- Cache Index-Aware Memory Allocation. Allocator of fixed-size headerless objects with sizes that are multiples of cache line size (e.g. object size 128 on cache lines of 64 bytes) may cause certain cache indices to be evicted often when objects uniformly map to the same cache line. Adding spacers (punctuated array) to these objects could break the affinity. NOTE(liulk):
- Cache index conflict should generally happen only at block level if the allocator uses superblocks to manage arenas.
- Knuth boundary tags are natural spacers used for variable sized object allocation, and would not suffer this problem.
- Compartmental Memory Management in a Modern Web Browser. Memory resources allocated for each origin (as in "same origin policy") is stored together in the same heap, and a web browser will have separate heaps for each origin. Although Chrome spawns a process for each tag, but this may not be practical for mobile devices where hardware address space isolation could be expensive. This also shortens garbage collection time because same-origin private heaps do not have reference to objects belonging to another origin.
- Multicore Garbage Collection with Local Heaps.

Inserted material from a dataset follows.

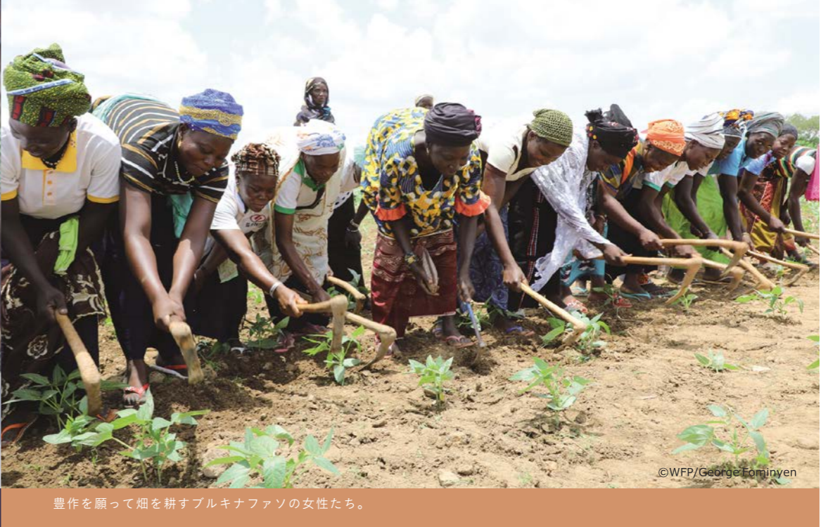
豊作を願って畑を耕すブルキナファソの女性たち。

「種まきは完了したので、無事育つように祈っています。収穫によつて私たちの生活は良くなると思います」と支援参加者の一人は希望を話しました。気候変動の影響を大きく受けるのは既に脆弱な立場にいる人々です。SDGsが掲げる「誰一人取り残さない」世界の実現を目指し、「飢餓をゼロに」を10年後に達成できるよう、今、行動しましょう。

Illustrates how mutation handling makes it hard to separate local and global heaps, and how despite the complicated mechanism, achieves little gain in scalability.
- Iterative Data-parallel Mark&Sweep on a GPU. Highlights challenges specific to GPU, namely the lack of deep recursion due to the relatively small size of video memory (~128MB) with no virtual memory and the large number of threads (1000+).